For the second time in less than a month, a Democrat has pulled off a stunning victory over a Republican candidate, by flipping a State House race in an almost hopelessly red legislative district. Democrat Cyndi Munson scored an improbable 54-46 victory in Oklahoma’s House District 85, a suburban district Northwest of Oklahoma City. Since 1965, when the district was first created, it had never been won by a Democrat. That changed on a Tuesday night.
The 85th District went 61-39 for Mitt Romney in the 2012 election. Yet, on Tuesday night, in a traditionally low turnout special election, the district turned a surprisingly solid shade of blue. Speaking to supporters after she’d won, Munson acknowledged the magnitude of her achievement, proclaiming:
Each time I heard it was an uphill battle I got more strength. This is amazing!
Munson lost her race for the same seat in 2014 by 13 points, but she battled back and emerged on Tuesday night a winner. She ran on a platform supporting education and women’s health, while opposing income tax cuts for top earners. In a deep red district her message resonated with voters, weary of the Republican cabal’s extremist stranglehold on Oklahoma politics.

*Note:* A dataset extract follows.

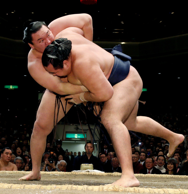 日本大相扑赛:横岗白鹏第33次夺冠 创纪录(组图)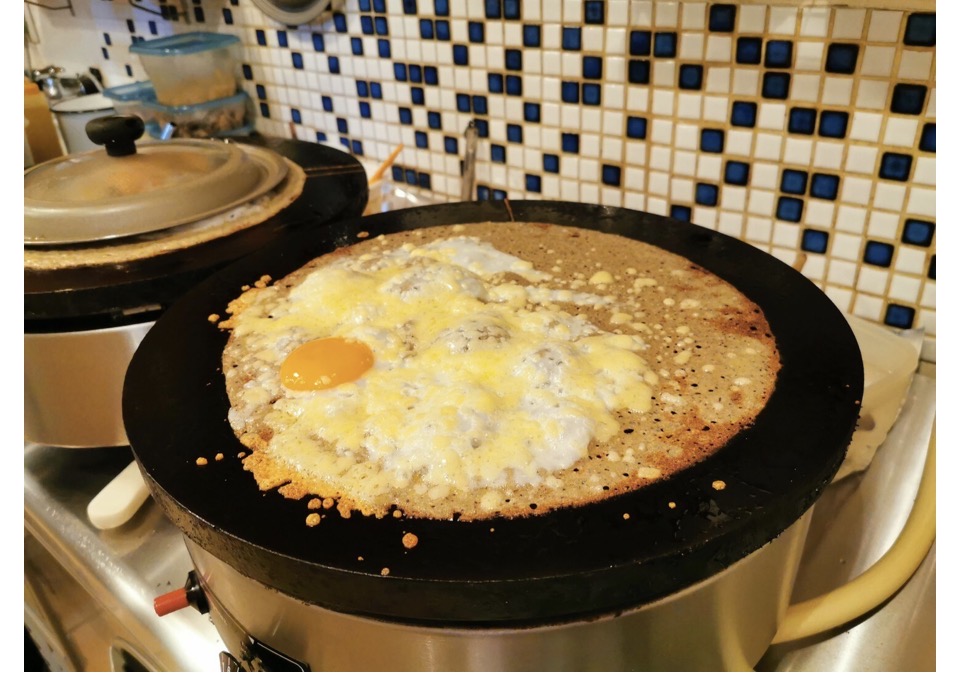 手際よく、クレープのように生地を伸ばし、具材をのせていきます。

As astonishing as Munson’s victory was, it was not the first Democratic upset of its kind this summer. In August, Democrat Taylor Bennett pulled off a similar surprise in Georgia’s 80th House District. Despite being outspent 2 to 1 in a district Mitt Romney carried by a 56-43 margin over Barack Obama in 2012, Bennett coasted to a 55-45 surprise victory over his Republican opponent, Max Davis.
Bennett won not by following the conventional wisdom of downplaying social issues in the South, but by being outspokenly liberal on social issues and standing firmly in support of LGBTQ equality. Like Munson, he won in a special election, when turnout is usually down and as a result, Republicans historically have enjoyed an advantage. Not this time.
While it may be too optimistic for Democrats to take the results of two special elections and call it a trend, it is worth pointing out that in two heavily Republican districts in the South, Democrats have overcome long odds to flip seats from red to blue. Maybe, just maybe, those two victories are a sign of more to come, as conservative voters join the rest of American in becoming fed up with the Republicans’ inability to govern.